2.2. Correlation between mRNAsi and Clinical Features
mRNAsi was calculated according to the OCLR method provided by Malta et al. [13]. mRNAsi differences between tumor samples and normal samples were analyzed by an unpaired t-test. We used one-way ANOVA in mRNAsi difference comparison between groups of patients in terms of gender, age, clinical stage, TNM stage, and smoking history.

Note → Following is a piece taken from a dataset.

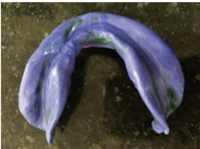
Fig. 3: Mandibular wash impressions

2.3. Relational Analysis between mRNAsi and Molecular Subtypes
MuTect [17] detection on TCGA-LUAD was performed using TCGAbiolinks [18] (V2.14.0), and differences in mRNAsi of different molecular mutant subtypes were analyzed. In addition, molecular subtype of TCGA-LUAD samples was also extracted using R package TCGA biolinks. mRNAsi differences between samples classified by the CIMP or iCluster were compared.
For constructing a coexpression network [19], the WGCNA algorithm was performed. After removing outlier samples, Pearson's correlation coefficients were determined between groups of genes. The optimal efficacy value β was chosen to construct proximity matrix, which was transformed into topological overlap matrix (TOM). For gene cluster according to TOM (in each gene network module, the minimum number of genes was 80), an average-linkage hierarchical clustering method was applied. The pruning algorithm was applied to divide gene modules and integrate those close modules. The most relevant modules with mRNAsi were screened by correlation analysis.
2.5. Functional Enrichment Analysis
The R software (https://www.R-project.org/,version 4.0.2) packageWebGestaltR [20] (v0.4.2) was employed to perform KEGG and GO functional enrichment analyses for analyzing potential biological functions of the most relevant modules of mRNAsi obtained from WGCNA. GO categories were cellular component (CC), molecular function (MF), and biological process (BP). A statistical significance was defined when FDR < 0.05 and P < 0.05.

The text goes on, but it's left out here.